Entries taken from a collection:
=== Section Start ===
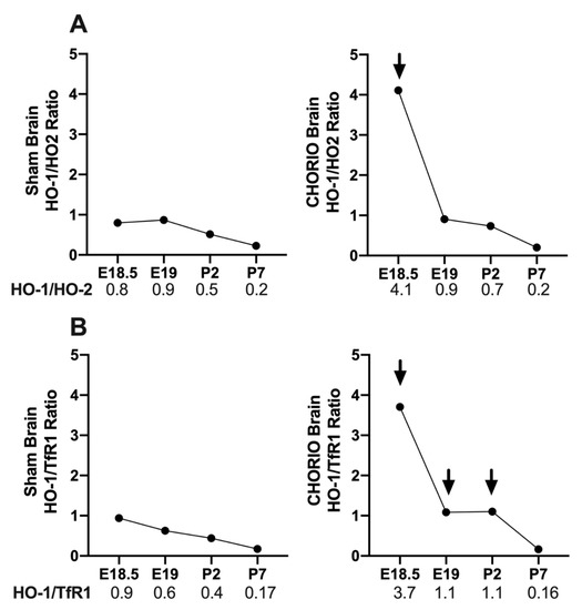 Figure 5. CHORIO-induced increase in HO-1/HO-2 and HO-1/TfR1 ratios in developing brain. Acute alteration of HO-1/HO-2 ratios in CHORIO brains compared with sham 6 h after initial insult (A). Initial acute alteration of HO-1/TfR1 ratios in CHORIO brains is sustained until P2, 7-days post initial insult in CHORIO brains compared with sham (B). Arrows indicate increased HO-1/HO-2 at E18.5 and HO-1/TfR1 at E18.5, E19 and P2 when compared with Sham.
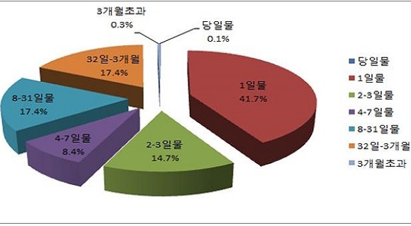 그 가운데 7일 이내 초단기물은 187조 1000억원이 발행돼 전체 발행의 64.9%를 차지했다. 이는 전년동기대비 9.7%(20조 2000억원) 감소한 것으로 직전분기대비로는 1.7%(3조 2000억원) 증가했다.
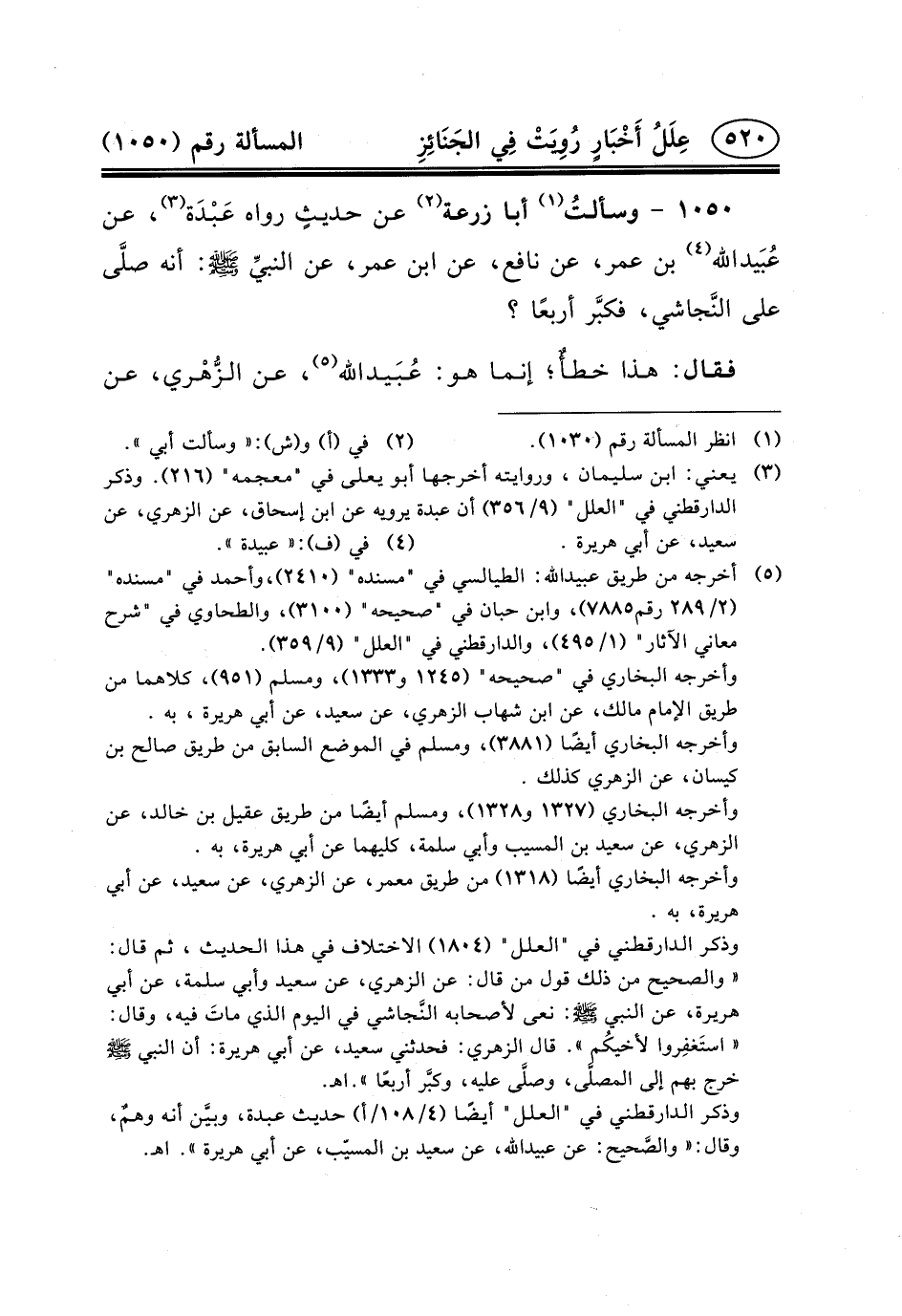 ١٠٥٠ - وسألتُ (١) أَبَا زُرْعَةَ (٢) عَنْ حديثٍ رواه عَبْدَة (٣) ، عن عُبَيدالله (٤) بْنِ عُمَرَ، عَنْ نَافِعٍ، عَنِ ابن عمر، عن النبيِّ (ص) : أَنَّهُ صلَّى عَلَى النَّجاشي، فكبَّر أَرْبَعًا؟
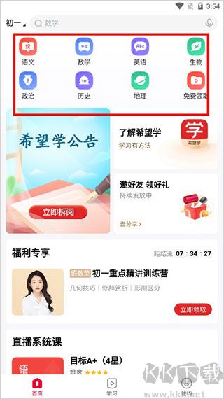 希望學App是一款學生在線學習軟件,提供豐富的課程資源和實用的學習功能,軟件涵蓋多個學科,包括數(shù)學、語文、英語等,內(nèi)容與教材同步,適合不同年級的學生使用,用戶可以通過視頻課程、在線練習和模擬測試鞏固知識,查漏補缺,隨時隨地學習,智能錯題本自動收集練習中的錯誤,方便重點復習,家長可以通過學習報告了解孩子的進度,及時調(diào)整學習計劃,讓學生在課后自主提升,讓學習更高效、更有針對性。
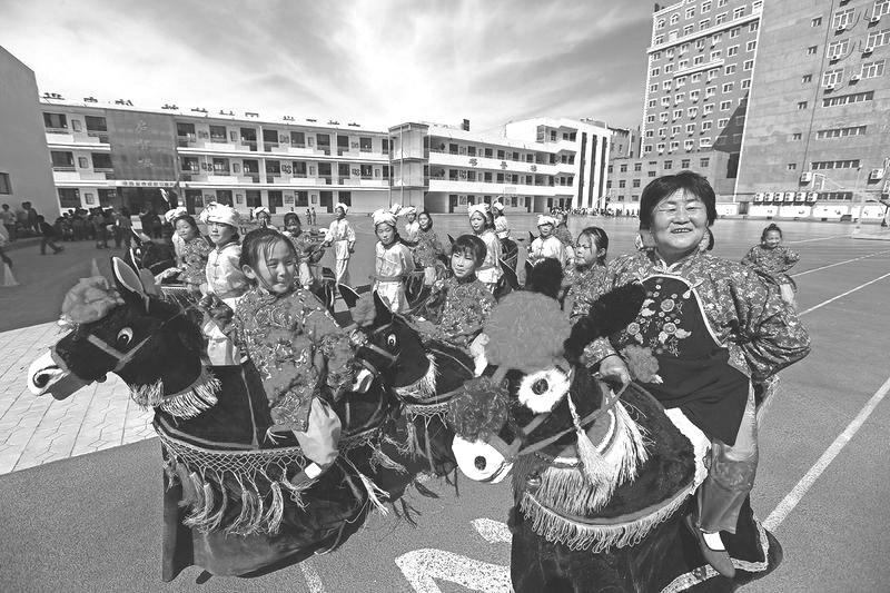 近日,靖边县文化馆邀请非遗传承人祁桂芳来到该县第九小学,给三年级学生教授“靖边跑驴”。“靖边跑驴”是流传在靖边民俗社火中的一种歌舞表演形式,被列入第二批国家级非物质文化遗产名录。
=== Section End ===
What to produce: A faithful, complete copy of the entries is required, without the pictures.

Worked solution:
 Figure 5. CHORIO-induced increase in HO-1/HO-2 and HO-1/TfR1 ratios in developing brain. Acute alteration of HO-1/HO-2 ratios in CHORIO brains compared with sham 6 h after initial insult (A). Initial acute alteration of HO-1/TfR1 ratios in CHORIO brains is sustained until P2, 7-days post initial insult in CHORIO brains compared with sham (B). Arrows indicate increased HO-1/HO-2 at E18.5 and HO-1/TfR1 at E18.5, E19 and P2 when compared with Sham.
 그 가운데 7일 이내 초단기물은 187조 1000억원이 발행돼 전체 발행의 64.9%를 차지했다. 이는 전년동기대비 9.7%(20조 2000억원) 감소한 것으로 직전분기대비로는 1.7%(3조 2000억원) 증가했다.
 ١٠٥٠ - وسألتُ (١) أَبَا زُرْعَةَ (٢) عَنْ حديثٍ رواه عَبْدَة (٣) ، عن عُبَيدالله (٤) بْنِ عُمَرَ، عَنْ نَافِعٍ، عَنِ ابن عمر، عن النبيِّ (ص) : أَنَّهُ صلَّى عَلَى النَّجاشي، فكبَّر أَرْبَعًا؟
 希望學App是一款學生在線學習軟件,提供豐富的課程資源和實用的學習功能,軟件涵蓋多個學科,包括數(shù)學、語文、英語等,內(nèi)容與教材同步,適合不同年級的學生使用,用戶可以通過視頻課程、在線練習和模擬測試鞏固知識,查漏補缺,隨時隨地學習,智能錯題本自動收集練習中的錯誤,方便重點復習,家長可以通過學習報告了解孩子的進度,及時調(diào)整學習計劃,讓學生在課后自主提升,讓學習更高效、更有針對性。
 近日,靖边县文化馆邀请非遗传承人祁桂芳来到该县第九小学,给三年级学生教授“靖边跑驴”。“靖边跑驴”是流传在靖边民俗社火中的一种歌舞表演形式,被列入第二批国家级非物质文化遗产名录。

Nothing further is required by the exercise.